Extracted records:
*** Block opens ***

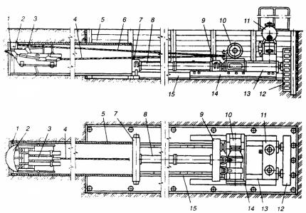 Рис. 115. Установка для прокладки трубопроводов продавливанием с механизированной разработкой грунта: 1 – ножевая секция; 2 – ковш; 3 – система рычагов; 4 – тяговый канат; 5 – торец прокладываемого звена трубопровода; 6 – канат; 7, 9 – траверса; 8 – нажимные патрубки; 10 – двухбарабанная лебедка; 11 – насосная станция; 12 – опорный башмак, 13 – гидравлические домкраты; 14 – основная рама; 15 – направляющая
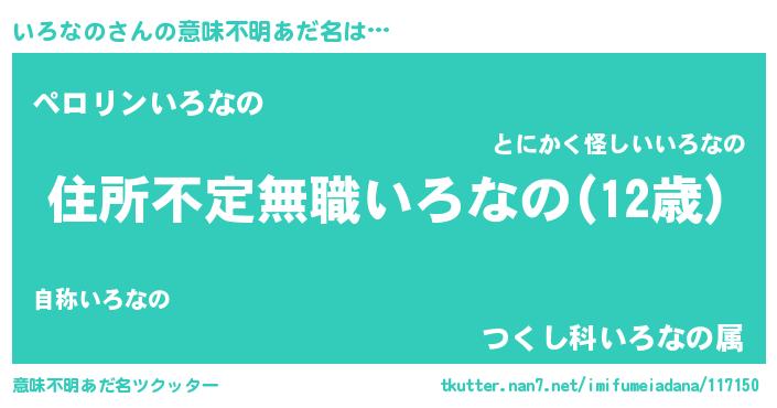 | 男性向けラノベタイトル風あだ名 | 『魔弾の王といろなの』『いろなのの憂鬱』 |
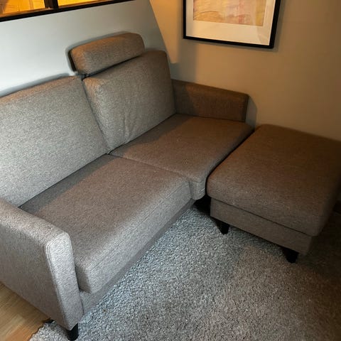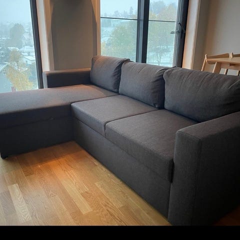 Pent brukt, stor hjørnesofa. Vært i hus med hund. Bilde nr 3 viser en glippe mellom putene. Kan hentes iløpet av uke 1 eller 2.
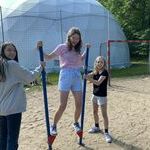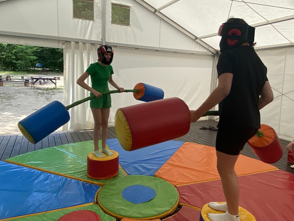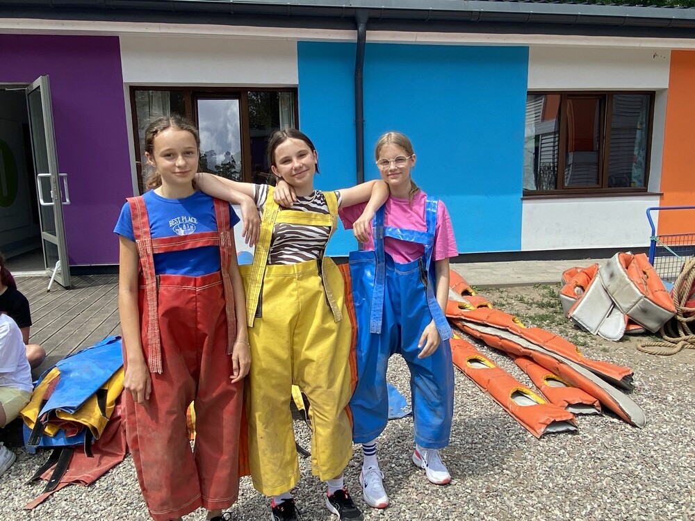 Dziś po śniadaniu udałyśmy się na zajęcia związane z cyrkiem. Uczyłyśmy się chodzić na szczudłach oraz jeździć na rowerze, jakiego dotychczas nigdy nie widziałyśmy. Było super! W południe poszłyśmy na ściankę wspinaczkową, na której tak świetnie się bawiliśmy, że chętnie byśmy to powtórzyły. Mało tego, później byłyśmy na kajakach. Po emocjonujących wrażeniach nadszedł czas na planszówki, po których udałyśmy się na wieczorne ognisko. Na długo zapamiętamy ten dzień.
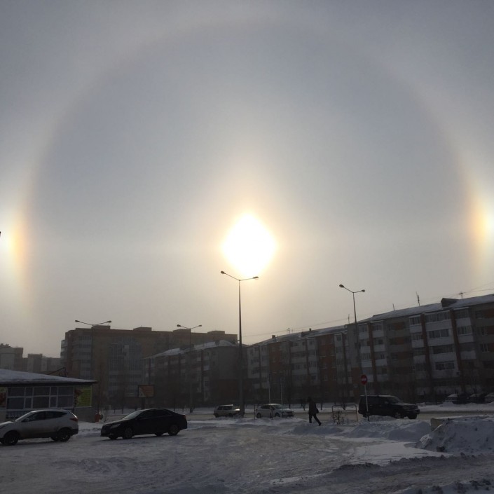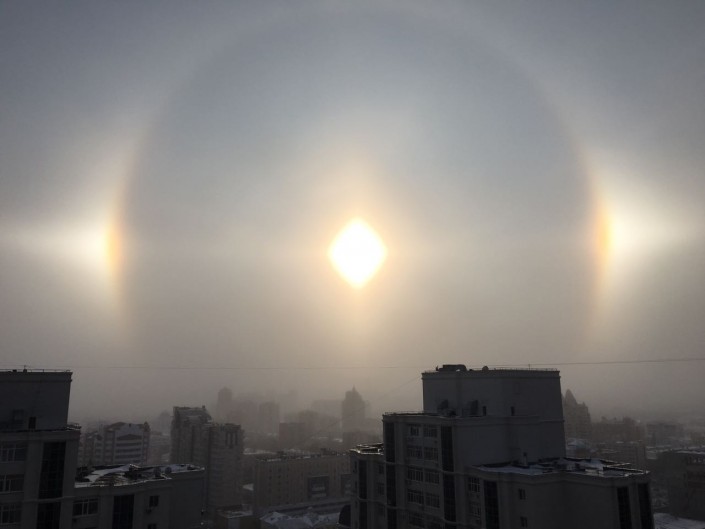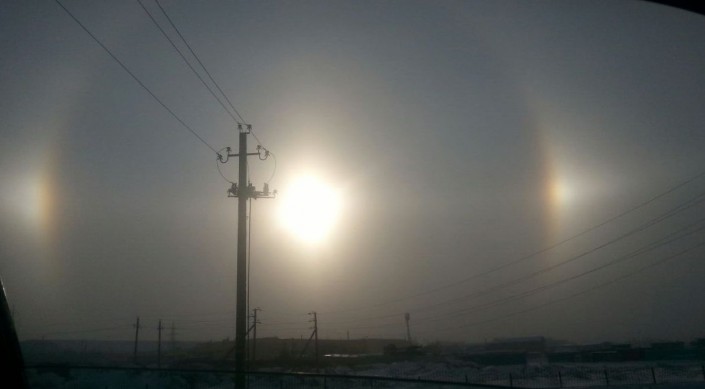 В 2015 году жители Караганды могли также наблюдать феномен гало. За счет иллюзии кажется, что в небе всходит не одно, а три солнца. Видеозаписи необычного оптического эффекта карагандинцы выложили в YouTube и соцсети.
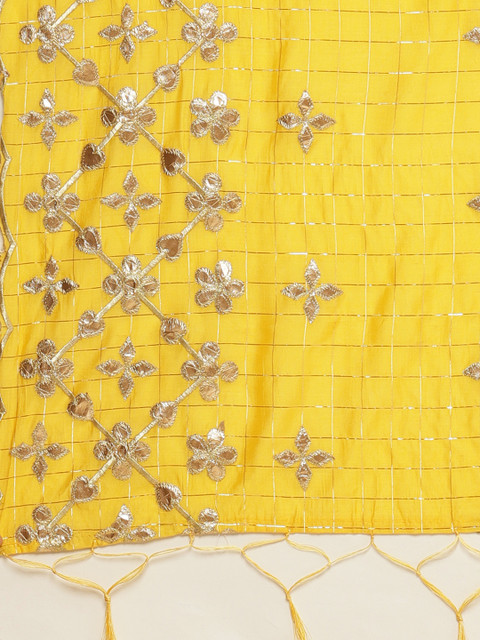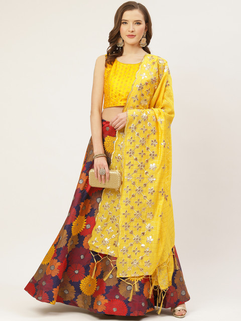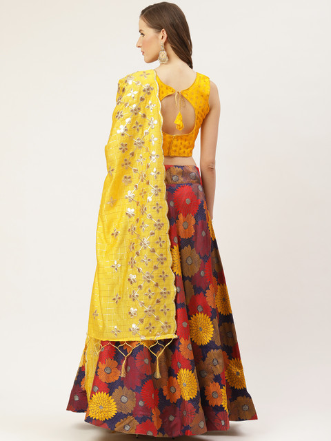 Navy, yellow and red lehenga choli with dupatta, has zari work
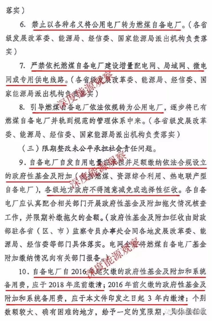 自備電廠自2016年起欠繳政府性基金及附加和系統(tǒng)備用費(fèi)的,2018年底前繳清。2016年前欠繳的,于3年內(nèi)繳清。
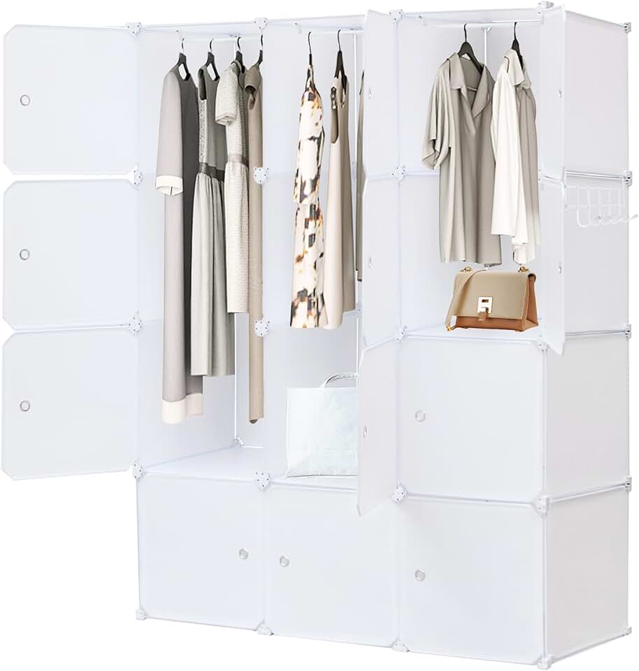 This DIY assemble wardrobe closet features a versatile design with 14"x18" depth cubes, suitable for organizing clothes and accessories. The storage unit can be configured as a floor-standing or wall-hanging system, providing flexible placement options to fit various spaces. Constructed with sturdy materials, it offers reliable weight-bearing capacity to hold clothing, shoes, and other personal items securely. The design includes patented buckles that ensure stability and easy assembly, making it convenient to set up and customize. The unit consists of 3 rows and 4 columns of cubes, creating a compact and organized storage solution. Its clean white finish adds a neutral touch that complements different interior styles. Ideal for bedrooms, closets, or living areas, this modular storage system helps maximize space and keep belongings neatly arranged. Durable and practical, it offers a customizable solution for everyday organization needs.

*** Block closes ***

Restate word for word the lines of the data above that begin at the line with "Navy, yellow and" and end at the line with "自備電廠自2016年起欠繳政", keeping both ends and dropping every picture.

ANSWER SPACE |
 Navy, yellow and red lehenga choli with dupatta, has zari work
 自備電廠自2016年起欠繳政府性基金及附加和系統(tǒng)備用費(fèi)的,2018年底前繳清。2016年前欠繳的,于3年內(nèi)繳清。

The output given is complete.